INSTRUCTIONS FOR THE TASK: For the records below, please print exactly and only the lines from the one with "パターンアニメを管理するフォルダーを追加します。" down to the one with "Con altavoces, los", both ends included, omitting the pictures.

EXERCISE INPUT:
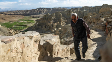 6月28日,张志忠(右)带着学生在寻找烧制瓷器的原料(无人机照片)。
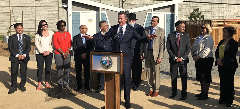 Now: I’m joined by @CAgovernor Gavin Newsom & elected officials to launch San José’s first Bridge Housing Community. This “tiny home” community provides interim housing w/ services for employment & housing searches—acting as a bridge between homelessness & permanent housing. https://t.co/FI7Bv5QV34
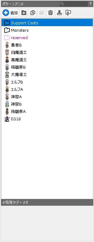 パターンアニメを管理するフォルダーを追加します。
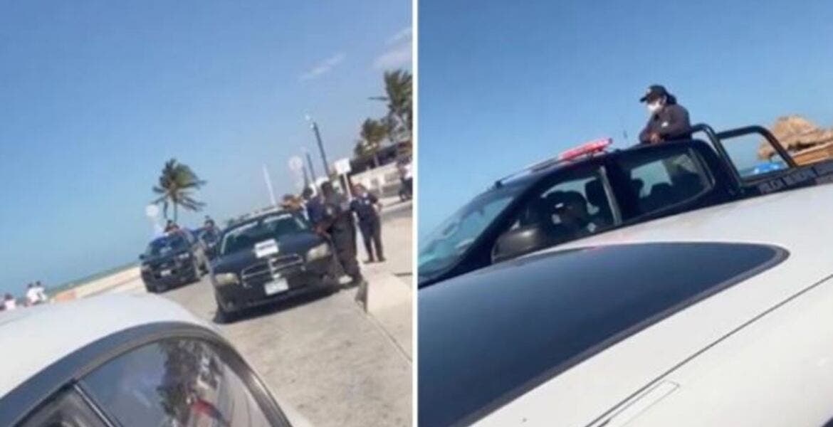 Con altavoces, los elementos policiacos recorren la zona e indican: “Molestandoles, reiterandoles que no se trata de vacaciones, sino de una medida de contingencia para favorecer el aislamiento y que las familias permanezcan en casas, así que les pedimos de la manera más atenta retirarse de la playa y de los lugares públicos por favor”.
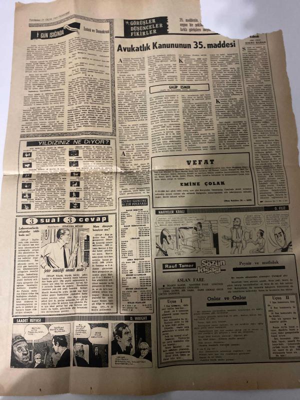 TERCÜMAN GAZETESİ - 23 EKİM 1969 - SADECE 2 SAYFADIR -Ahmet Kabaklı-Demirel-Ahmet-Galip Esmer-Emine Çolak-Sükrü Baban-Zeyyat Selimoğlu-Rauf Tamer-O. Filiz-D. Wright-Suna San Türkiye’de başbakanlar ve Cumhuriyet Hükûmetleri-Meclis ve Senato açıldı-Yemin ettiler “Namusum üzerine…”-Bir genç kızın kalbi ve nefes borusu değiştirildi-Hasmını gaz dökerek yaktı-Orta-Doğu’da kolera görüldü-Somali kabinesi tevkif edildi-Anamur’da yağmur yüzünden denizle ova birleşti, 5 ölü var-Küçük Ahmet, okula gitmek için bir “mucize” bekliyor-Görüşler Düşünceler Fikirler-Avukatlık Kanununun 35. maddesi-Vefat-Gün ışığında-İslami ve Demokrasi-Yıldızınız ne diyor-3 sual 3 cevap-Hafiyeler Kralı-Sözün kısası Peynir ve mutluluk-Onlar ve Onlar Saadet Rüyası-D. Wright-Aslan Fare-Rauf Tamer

REPLY TO THE EXERCISE:
 パターンアニメを管理するフォルダーを追加します。
 Con altavoces, los elementos policiacos recorren la zona e indican: “Molestandoles, reiterandoles que no se trata de vacaciones, sino de una medida de contingencia para favorecer el aislamiento y que las familias permanezcan en casas, así que les pedimos de la manera más atenta retirarse de la playa y de los lugares públicos por favor”.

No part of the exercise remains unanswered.